> [RECORDS TO USE]
== Segment start ==

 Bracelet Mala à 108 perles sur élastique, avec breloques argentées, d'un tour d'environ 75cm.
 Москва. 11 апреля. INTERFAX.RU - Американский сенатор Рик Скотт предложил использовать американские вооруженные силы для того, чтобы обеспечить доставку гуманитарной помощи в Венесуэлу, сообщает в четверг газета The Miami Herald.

== Segment end ==
== Segment start ==

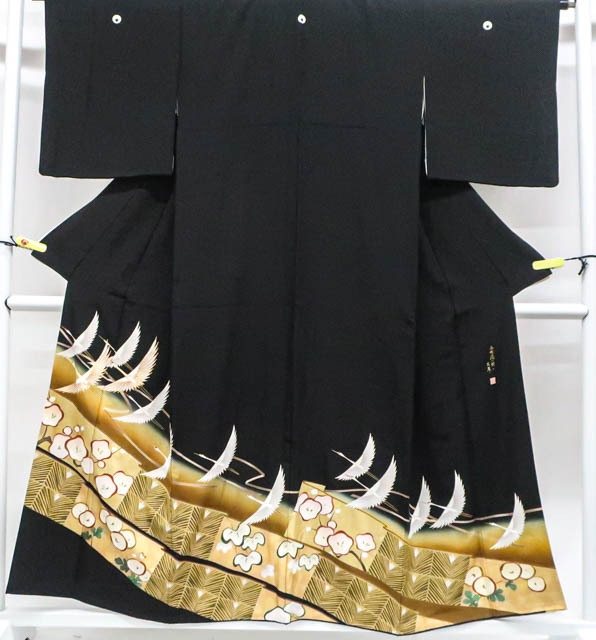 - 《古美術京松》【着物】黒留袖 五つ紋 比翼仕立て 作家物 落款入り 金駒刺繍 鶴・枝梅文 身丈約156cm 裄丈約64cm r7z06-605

== Segment end ==

In the listing above, find the line with "Bracelet Mala à" and the line with "Москва. 11 апреля."; set down exactly those two lines and every line between them, nothing more.

> [RESPONSE AREA]
 Bracelet Mala à 108 perles sur élastique, avec breloques argentées, d'un tour d'environ 75cm.
 Москва. 11 апреля. INTERFAX.RU - Американский сенатор Рик Скотт предложил использовать американские вооруженные силы для того, чтобы обеспечить доставку гуманитарной помощи в Венесуэлу, сообщает в четверг газета The Miami Herald.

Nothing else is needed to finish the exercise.